3- Rahman ve Rahim
Rahmetin tüm anlamlarını,
tüm hallerini ve tüm alanlarını kapsamına alan bu sıfat,
bu surenin içinde bağımsız bir ayet halinde
tekrarlanıyor. Bununla, sözünü ettiğimiz yaygın
Rabb'lığın bariz bir karakteristiği vurgulandığı
gibi, Rabb ile kulları ve yaratıcı ile yaratıkları
arasındaki sürekli ilişkinin temel dayanakları
belirleniyor. Bu ilişki, hamd etmeyi ve övgüyü harekete geçiren
bir rahmet ve gözetim ilişkisidir. Yine bu ilişki, gönül
huzuruna dayanan ve sevgi üreten bir ilişkidir. Buna göre
hamd, bu cömert rahmete sunulan fıtri bir karşılıktır.
İslâm'da Allah
ne eski yunan felsefesinde tasvir edilen olemp tanrıları
gibi arzu ve ihtiraslarının dürtüsü ile kullarını
kovalar ve ne de "Eski Ahid"in Tekvin babının
onbirinci bölümünde yer alan uydurma "Babil Burcu"

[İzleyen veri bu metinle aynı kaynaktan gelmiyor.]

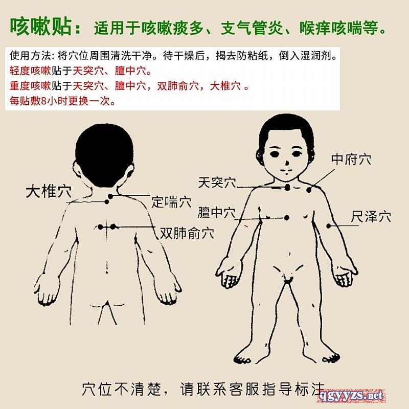 | 使用方法 | 將穴位周圍清洗干凈。待干燥后,揭去本品防粘紙,貼于天突穴、檀中穴、雙肺俞穴、大椎穴。每貼敷6-8小時(shí)更換一次。 |

masalında anlatıldığı gibi kullarına
intikam tuzakları kurar.( "Ve bütün dünyanın
dili bir ve sözü birdi. Ve vaki oldu ki, Şark'a göçtükleri
zaman Şinar diyarında bir ova buldular ve orada oturdular
ve birbirlerine şöyle dediler: "Gelin kerpiç yapalım
ve onları pişirelim."
Ve onların taş
yerine kerpiçleri ve harç yerine ziftleri vardı. Ve dediler:
"Bütün yeryüzü üzerine dağılmayalım diye
kendimize bir şehir ve başı göklere erişecek
bir kule bina edelim ve kendimize bir nam yapalım-" Ve
Ademoğulları'nın yapmakta oldukları şehri
ve kuleyi görmek için RABB indi ve RABB dedi: "İşte
(bunlar) bir kavimdirler ve onların hepsinin bir dili var ve
yapmaya başladıkları şey budur ve şimdi
yapmaya niyet ettiklerinden hiçbir şey onlara men
edilmeyecektir. Gelin inelim ve birbirlerinin dilini anlamasınlar
diye onların dilini orada karıştıralım.
Ve RABB onları bütün
yeryüzü üzerine oradan dağıttı; ve şehri bina
etmeyi bıraktılar. Bundan dolayı onun adına
"Babil" denildi. çünkü RABB bütün dünyanın
dilini orada karıştırdı ve RABB onları bütün dünya
üzerine oradan dağıttı." (Kitab-ı Mukaddes.